**WHAT THE TASK ASKS**.
Write out the listing below without alteration, omitting its pictures.
** Opening DATASET EXCERPT block **
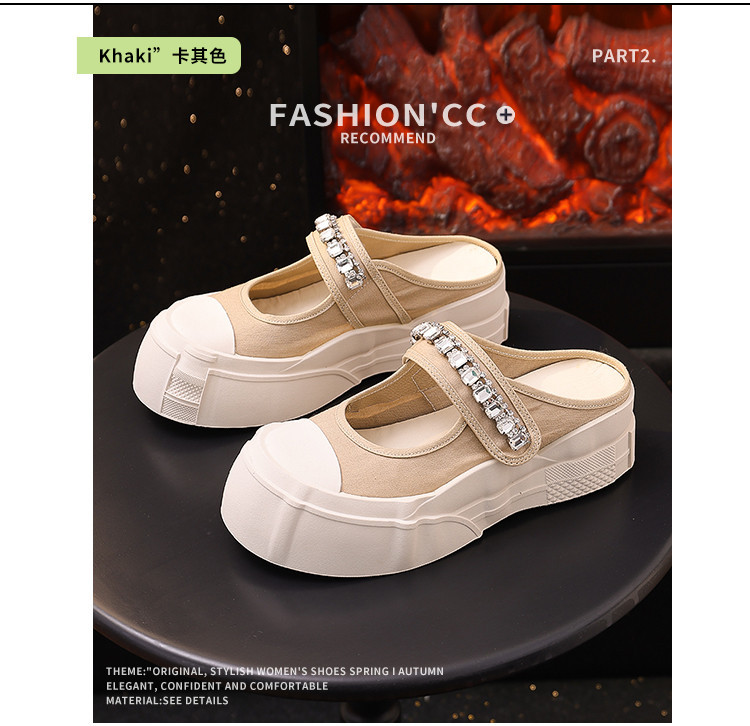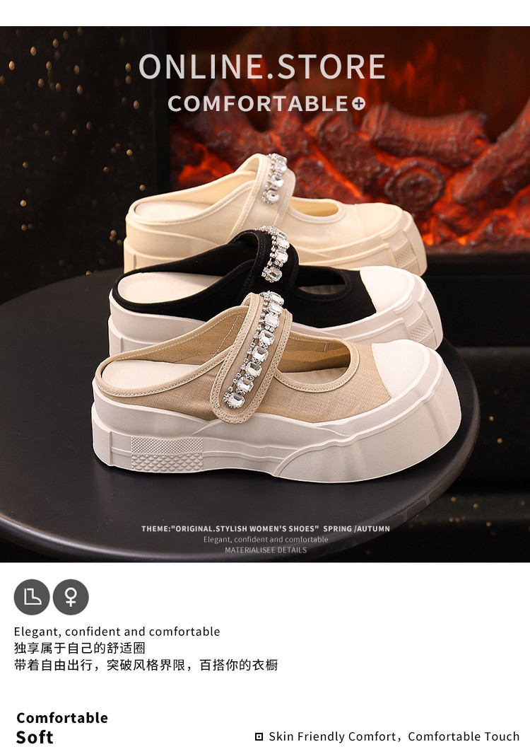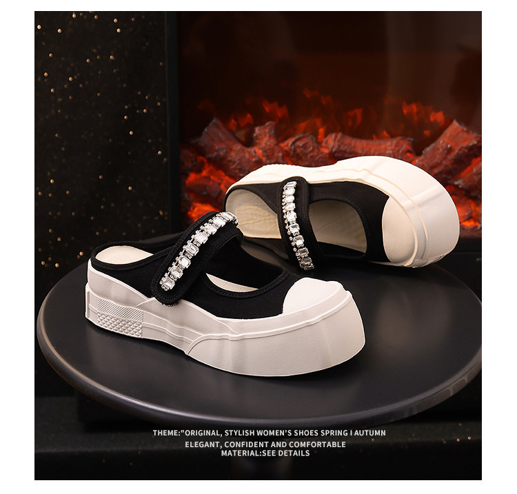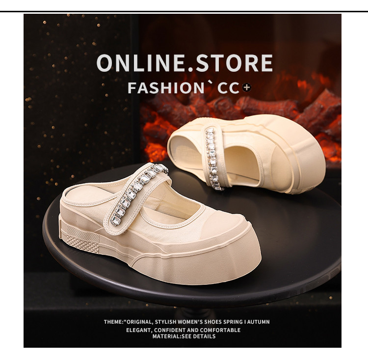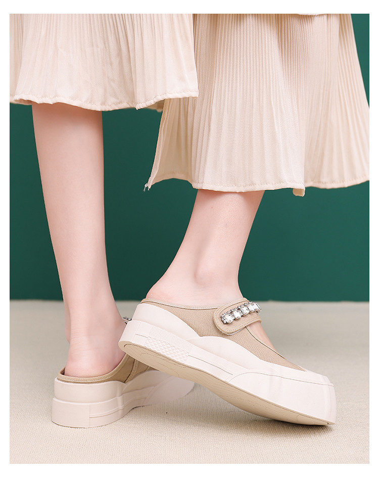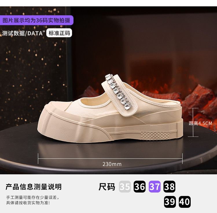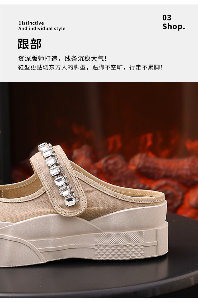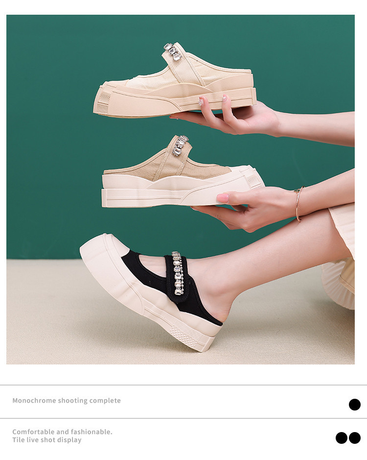 帆布包头拖鞋,新款大头魔术贴凉拖厚底外穿水钻半拖鞋ML10221
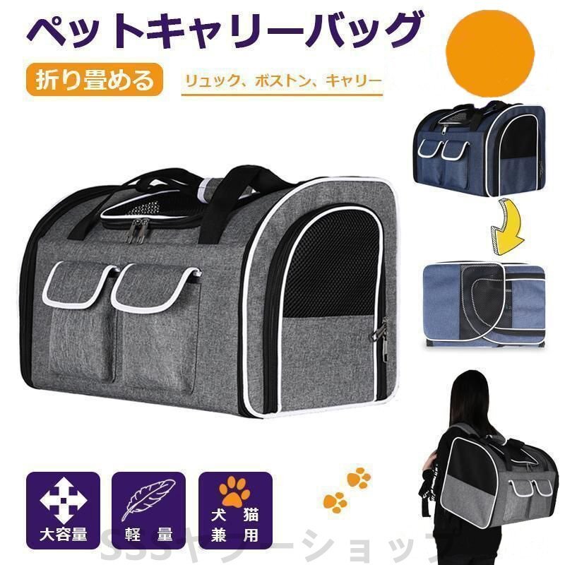 ペットキャリーバッグ 折りたたみ バッグ 3WAY 15kg 2匹収納 リュック ショルダー 猫 犬 ペットリュック 小型 中型 多頭 軽量 手提げ
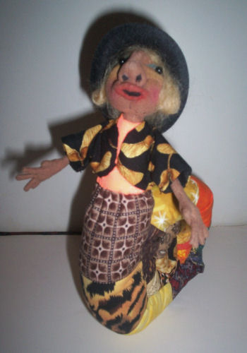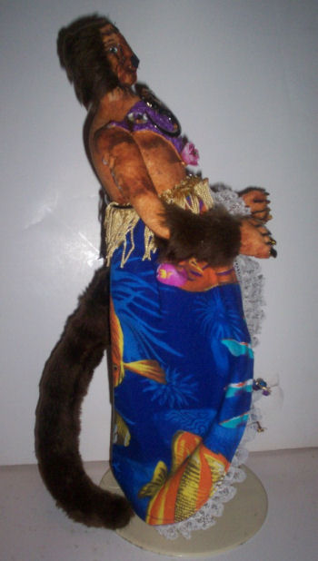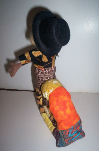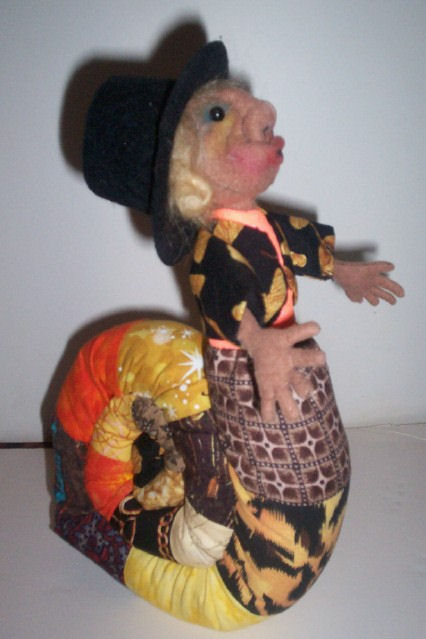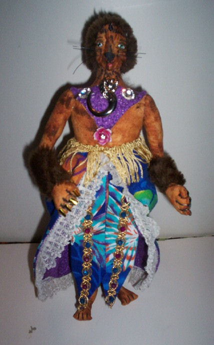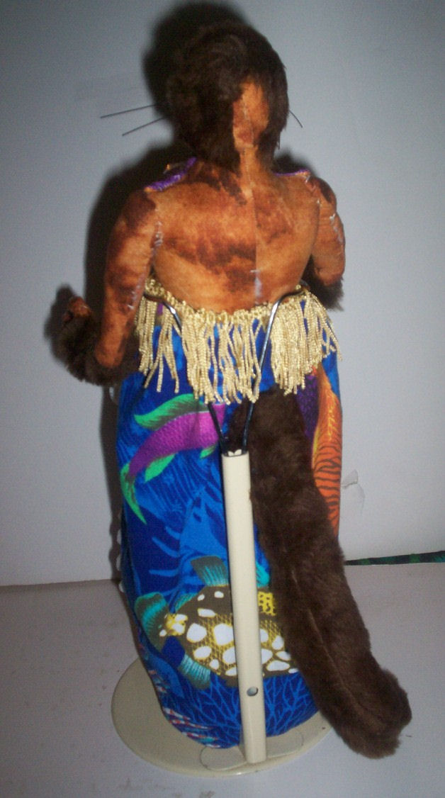 I'm made of a mottled kind of fabric,, and some fake fur, paint, and all kinds of embellishment.. I do stand alone.. but I"m still a little clumsy.. so my standy helps me.
** Closing DATASET EXCERPT block **
**ANSWER TO THIS PROBLEM**.
 帆布包头拖鞋,新款大头魔术贴凉拖厚底外穿水钻半拖鞋ML10221
 ペットキャリーバッグ 折りたたみ バッグ 3WAY 15kg 2匹収納 リュック ショルダー 猫 犬 ペットリュック 小型 中型 多頭 軽量 手提げ
 I'm made of a mottled kind of fabric,, and some fake fur, paint, and all kinds of embellishment.. I do stand alone.. but I"m still a little clumsy.. so my standy helps me.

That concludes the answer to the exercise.